Molecular therapy. Oncology最新文献

Engineered retargeting to overcome systemic delivery challenges in oncolytic adenoviral therapy. 工程重靶向以克服溶瘤腺病毒治疗中的全身递送挑战。

Molecular therapy. Oncology Pub Date : 2025-06-06 eCollection Date: 2025-06-18 DOI: 10.1016/j.omton.2025.201005

Louise Leparc, Hiroaki Wakimoto

引用次数: 0

Novel synthetic peptide-based vaccine shows promise against prostate cancer. 一种新的合成肽疫苗显示出对抗前列腺癌的希望。

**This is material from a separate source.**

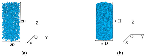 (1) Generate numerical simulation specimen. A cylindrical specimen (height: 1.2 m, diameter: 0.6 m) was generated by randomly distributing non-contacting clumps within the volume.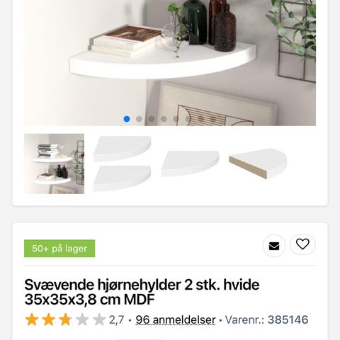 Stor hjørnehylde med hyldeknægte. Det er ikke nemt at finde en stor hjørnehylde, så denne er lavet specielt. Hylden er brugt som bamsehylde - bamserne følger ikke med. Hylden måler ca. 83 x 86 cm og går henholdsvis ca. 52 og 49 cm ud i rummet fra væggene. Hyldeknægtene måler 30 x 35 cm. Samlet pris for hylde, 3 x hyldeknægte og skruer til montering af hylden på hyldeknægte - sørg kun selv for skruer til væggen.

Molecular therapy. Oncology Pub Date : 2025-06-04 eCollection Date: 2025-06-18 DOI: 10.1016/j.omton.2025.201000

Karina Vázquez-Arreguín

引用次数: 0

Novel immunotherapy for multiple myeloma involving activation of plasmacytoid dendritic cells. 涉及浆细胞样树突状细胞活化的多发性骨髓瘤新免疫疗法。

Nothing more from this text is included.